Collected data entries:

= = = = =

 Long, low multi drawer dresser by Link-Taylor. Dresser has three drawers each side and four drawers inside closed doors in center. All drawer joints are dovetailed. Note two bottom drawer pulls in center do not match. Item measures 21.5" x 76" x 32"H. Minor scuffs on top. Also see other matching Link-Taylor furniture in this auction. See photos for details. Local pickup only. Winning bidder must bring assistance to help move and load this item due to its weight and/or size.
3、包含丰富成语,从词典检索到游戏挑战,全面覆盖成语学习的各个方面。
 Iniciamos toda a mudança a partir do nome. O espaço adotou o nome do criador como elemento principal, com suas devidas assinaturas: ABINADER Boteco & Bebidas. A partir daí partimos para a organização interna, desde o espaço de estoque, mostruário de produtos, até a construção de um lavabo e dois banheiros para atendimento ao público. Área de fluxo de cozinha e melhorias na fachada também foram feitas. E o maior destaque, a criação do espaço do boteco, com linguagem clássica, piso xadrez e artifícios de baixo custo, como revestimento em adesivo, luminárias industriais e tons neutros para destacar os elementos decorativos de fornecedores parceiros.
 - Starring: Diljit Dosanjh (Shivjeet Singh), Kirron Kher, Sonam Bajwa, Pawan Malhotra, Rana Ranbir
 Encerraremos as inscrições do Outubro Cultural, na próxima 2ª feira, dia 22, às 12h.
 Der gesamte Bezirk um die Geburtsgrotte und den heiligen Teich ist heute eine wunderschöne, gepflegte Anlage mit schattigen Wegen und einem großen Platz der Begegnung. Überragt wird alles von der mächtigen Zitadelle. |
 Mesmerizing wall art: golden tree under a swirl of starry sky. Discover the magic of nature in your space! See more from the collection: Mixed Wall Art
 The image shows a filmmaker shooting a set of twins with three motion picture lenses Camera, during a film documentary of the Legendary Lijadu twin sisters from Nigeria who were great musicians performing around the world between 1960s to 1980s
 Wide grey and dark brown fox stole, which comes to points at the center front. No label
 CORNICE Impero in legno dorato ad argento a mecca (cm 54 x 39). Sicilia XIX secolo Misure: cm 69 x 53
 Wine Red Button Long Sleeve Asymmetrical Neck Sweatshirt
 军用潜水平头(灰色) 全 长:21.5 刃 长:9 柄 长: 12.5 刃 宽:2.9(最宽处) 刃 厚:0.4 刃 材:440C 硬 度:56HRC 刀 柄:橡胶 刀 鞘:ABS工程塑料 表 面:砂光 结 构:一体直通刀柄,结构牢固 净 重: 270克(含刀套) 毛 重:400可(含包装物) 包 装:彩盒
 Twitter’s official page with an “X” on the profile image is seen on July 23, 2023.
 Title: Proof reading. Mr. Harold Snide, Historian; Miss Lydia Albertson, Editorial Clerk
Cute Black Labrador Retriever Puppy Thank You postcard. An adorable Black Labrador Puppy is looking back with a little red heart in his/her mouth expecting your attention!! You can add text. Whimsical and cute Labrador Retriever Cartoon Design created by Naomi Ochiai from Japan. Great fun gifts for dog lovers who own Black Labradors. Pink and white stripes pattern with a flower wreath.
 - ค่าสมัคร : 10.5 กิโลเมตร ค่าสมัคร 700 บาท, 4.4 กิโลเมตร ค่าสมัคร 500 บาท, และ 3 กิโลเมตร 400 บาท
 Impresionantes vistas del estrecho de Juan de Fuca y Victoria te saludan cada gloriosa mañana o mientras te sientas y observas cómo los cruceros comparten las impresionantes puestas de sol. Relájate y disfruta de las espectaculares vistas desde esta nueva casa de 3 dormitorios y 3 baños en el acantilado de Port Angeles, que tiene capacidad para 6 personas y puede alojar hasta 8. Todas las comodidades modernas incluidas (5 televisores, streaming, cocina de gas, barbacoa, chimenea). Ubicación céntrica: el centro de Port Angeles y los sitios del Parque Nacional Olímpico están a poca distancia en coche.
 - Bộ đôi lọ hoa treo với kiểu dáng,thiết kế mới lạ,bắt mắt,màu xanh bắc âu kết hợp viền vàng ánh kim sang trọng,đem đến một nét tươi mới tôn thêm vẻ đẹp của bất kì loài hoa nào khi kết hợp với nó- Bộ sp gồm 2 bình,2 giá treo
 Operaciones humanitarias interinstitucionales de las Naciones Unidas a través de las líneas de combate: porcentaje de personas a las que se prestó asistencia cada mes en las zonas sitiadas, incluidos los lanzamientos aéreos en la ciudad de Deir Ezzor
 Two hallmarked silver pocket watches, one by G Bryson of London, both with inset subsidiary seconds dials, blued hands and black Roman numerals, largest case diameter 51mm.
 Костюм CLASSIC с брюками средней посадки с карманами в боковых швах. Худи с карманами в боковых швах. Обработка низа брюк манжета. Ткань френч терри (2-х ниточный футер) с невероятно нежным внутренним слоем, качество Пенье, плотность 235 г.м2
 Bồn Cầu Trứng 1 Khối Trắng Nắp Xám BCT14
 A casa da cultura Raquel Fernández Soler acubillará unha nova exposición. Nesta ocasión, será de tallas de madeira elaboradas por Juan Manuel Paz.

= = = = =

About this exercise:
Among the entries above, find the line with "CORNICE Impero in" and the line with "Twitter’s official page"; give again exactly these two lines and all lines between them.

The answer:
 CORNICE Impero in legno dorato ad argento a mecca (cm 54 x 39). Sicilia XIX secolo Misure: cm 69 x 53
 Wine Red Button Long Sleeve Asymmetrical Neck Sweatshirt
 军用潜水平头(灰色) 全 长:21.5 刃 长:9 柄 长: 12.5 刃 宽:2.9(最宽处) 刃 厚:0.4 刃 材:440C 硬 度:56HRC 刀 柄:橡胶 刀 鞘:ABS工程塑料 表 面:砂光 结 构:一体直通刀柄,结构牢固 净 重: 270克(含刀套) 毛 重:400可(含包装物) 包 装:彩盒
 Twitter’s official page with an “X” on the profile image is seen on July 23, 2023.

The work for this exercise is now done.